Dynamic routing is typically used in the core of the Internet and static routing such as that shown here is more common in the periphery of the Internet. Unless you are running a substantial Internet Service Provider (ISP) or a large corporate network, static routes are usually for you.
This then is the typical packet and datagram sequence that will happen when you get a web page from a remote Internet site assuming everything works right:
You send an ARP request to your gateway to find it's MAC address. (If the DNS is on your local network, this process is delayed until after the DNS lookup is completed and an ARP request for the DNS IP address is used here).
The answer comes back.
You send a DNS lookup UDP datagram to the first nameserver appearing in '/etc/resolv.conf' asking for the IP address of the desired remote site, using the destination IP address of the DNS server and the MAC address of your gateway.
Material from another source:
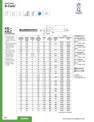 FRACTIONAL S-Carb® 38° POS ® 3 LF 43L • LU 43LC DC DCONDN FRACTIONAL SERIES RE APMX • Circular land allows inch EDP NO. TOLERANCES (inch) for increased controlat various speed andCUTTINGLENGTHOVERALL SHANK REACH NECK CORNER UNCOATED Ti-NAMITE-BDIAMETEROF CUTLENGTHDIAMETERLUDIAMETERRADIUS(TiB2)1/8–3/16 DIAMETER feed rates and reduces DC APMX LF DCON DN RE DC = +0.0000/–0.00032 chatter 1/8 5/32 3 1/8 1/2 .105 – 32700 32725 DCON = h6 • Symmetrical end gashingfor excellent balance1/85/32 3 1/8 1/2 .105 .010 32751 32815 RE = +0.0000/–0.0020 at high speeds and 1/8 5/32 3 1/8 3/4 .105 – 32691 34888 1/4–3/8 DIAMETER aggressive plungingcapability 3/16 7/32 3 3/16 1/2 .105 – 32701 32726 DC = +0.0000/–0.00035DCON = h6 • Open fluting for deep 3/16 7/32 3 3/16 1/2 .167 .010 32752 32816 RE = +0.0000/–0.0020 slotting and profiling• Necked design withblended diameter3/167/323 3/16 3/4 .167 – 32692 34889 1/2–5/8 DIAMETER1/43/82-1/21/43/4.230.0153578736235DC= +0.0000/–0.00043 transitions provideclearance to reach• Enhanced corner1/43/82-1/2 1/4 3/4 .230 .060 35788 36236 DCON = h61/43/841/43/4.230–3270232727RE= +0.0000/–0.0020 geometry with tight 1/4 3/8 4 1/4 3/4 .230 .010 32753 32817 3/4–1 DIAMETER tolerance corner radii 1/4 3/8 4 1/4 3/4 .230 .030 32754 32818 DC = +0.0000/–0.00051 • Recommended formaterials ≤ 150 Bhn(≤ 7 HRc)1/43/8 4 1/4 1-1/2 .230 – 32703 32728 DCON = h6RE= +0.0000/–0.00201/43/841/41-1/2.230.0103275532819 1/4 3/8 4 1/4 1-1/2 .230 .030 32756 32820 NON-FERROUS 1/4 3/8 4 1/4 2-1/8 .230 – 32704 32729 1/4 3/8 4 1/4 2-1/8 .230 .010 32757 32821 PLASTICS/COMPOSITES 1/4 3/8 4 1/4 2-1/8 .230 .030 32758 32822 5/16 7/16 4 5/16 1-1/8 .292 – 32705 32730 For patent information visit 5/16 7/16 4 5/16 1-1/8 .292 .030 32759 32823 www.ksptpatents.com 5/16 7/16 4 5/16 2-1/8 .292 – 32706 32731 5/16 7/16 4 5/16 2-1/8 .292 .030 32760 32824 3/8 1/2 3 3/8 1-1/8 .355 .015 35791 36239 3/8 1/2 3 3/8 1-1/8 .355 .090 35792 36240 3/8 1/2 4 3/8 1-1/8 .355 – 32707 32732 3/8 1/2 4 3/8 1-1/8 .355 .030 32762 32826 3/8 1/2 4 3/8 1-1/8 .355 .060 32763 32827 3/8 1/2 4 3/8 2-1/8 .355 – 32708 32733 3/8 1/2 4 3/8 2-1/8 .355 .030 32764 32828 3/8 1/2 4 3/8 2-1/8 .355 .060 32765 32829 1/2 5/8 3 1/2 1-3/8 .480 .015 35795 36243 1/2 5/8 4 1/2 1-3/8 .480 – 32709 32734 1/2 5/8 4 1/2 1-3/8 .480 .030 32767 32831 1/2 5/8 4 1/2 1-3/8 .480 .060 32768 32832 1/2 5/8 4 1/2 1-3/8 .480 .090 32769 32833 1/2 5/8 4 1/2 1-3/8 .480 .120 32770 32834 1/2 5/8 4 1/2 2-1/4 .480 .015 35796 36244 continued on next page 140 END MILLS wwwE.kNyDoMceILraLS-sgstool.com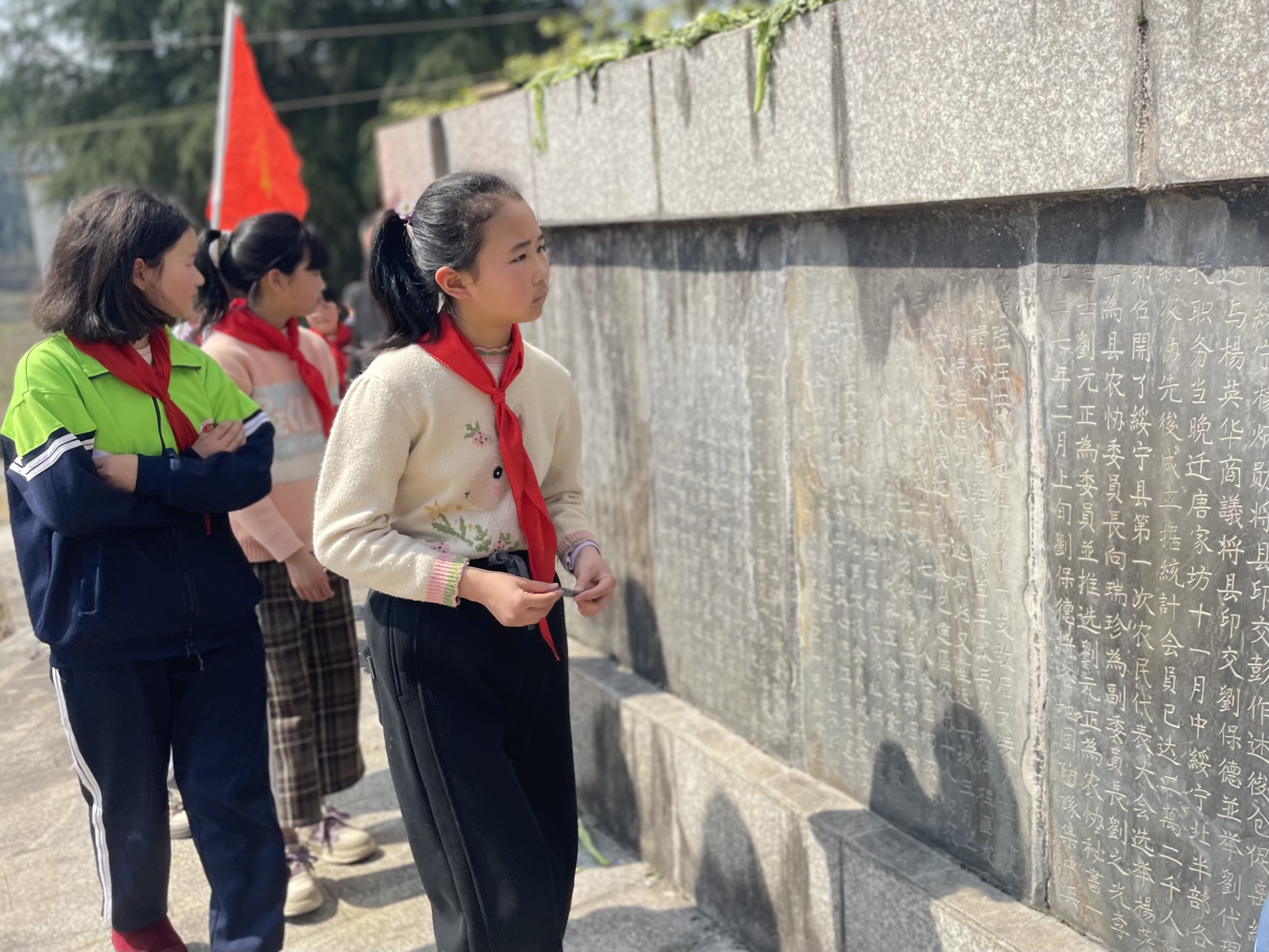 在巍峨的纪念碑前,少先队员们行队礼并献上花圈,肃立默哀三分钟。校长刘思华以贺炳炎将军的事迹为引,动情讲述其1935年在无麻药情况下截肢的壮举:“手术持续2小时17分钟,他咬碎20多条毛巾,醒来第一句话是‘敌人消灭了吗?’这就是中国人的硬骨头精神!”在场学生无不动容。随后,师生绕行瞻仰纪念碑,研读碑文记载的烈士生平。最后全体学生面向纪念碑呼号——“时刻准备着,为共产主义事业而奋斗!”铿锵誓言回荡陵园,展现出新时代少年的担当。

The DNS responds with the requested IP address in a DNS response datagram.
You send a 'SYN' datagram to start a TCP session on port 80 (normally the web port) using the destination address provided by the DNS lookup with the MAC address of your gateway.
You get a 'SYN-ACK' datagram back from the server indicating that it is ready for a TCP session to start.
You send an 'ACK-PSH' datagram back to the server which includes as content your request for a web page using the destination IP address of the web server and the MAC address of your gateway.
You get an 'ACK-PSH' datagram back from the server that includes the requested web content.
You display the content on the screen and send back an 'ACK' datagram to identify that the last response was received using the destination IP address of the web server and the MAC address of your gateway.
You send a 'FIN' datagram to the server to indicate that your TCP session is done using the destination IP address of the web server and the MAC address of your gateway (or it sends one to you first).
And that's how you get a web page. If you have recently gotten the MAC address or the DNS entry, your computer will usually remember this information for subsequent requests and thus save time and effort, however, the time to live on MAC addresses is usually on the order of 15 minutes or less while the time to live on DNS entries is determined by responses from the DNS server.
A variation on this process is readily observable by using a protocol analyzer such as the one provided on White Glove under the Ethereal selection in the Sniffers entry in the Administrator X11 menu:
The process and the corresponding packet numbers are: (3) ARP is used to get the MAC address of 204.7.229.12, (4) The MAC address is returned, (5) DNS request, (6) DNS reply, (7) Gateway ARP request, (8) Gateway ARP reply, (9) The TCP session begins. We will go into this example in more depth in the next chapter.
In this section we have explained how IPv4 datagrams are formatted and used to communicate over the Internet, detailed information on protocol elements from the Internet, shown how to manually configure the most common IP interfaces, routing, and gateways, described how the Internet operates to fetch a web page, and provided an example of this process using a protocol analyzer.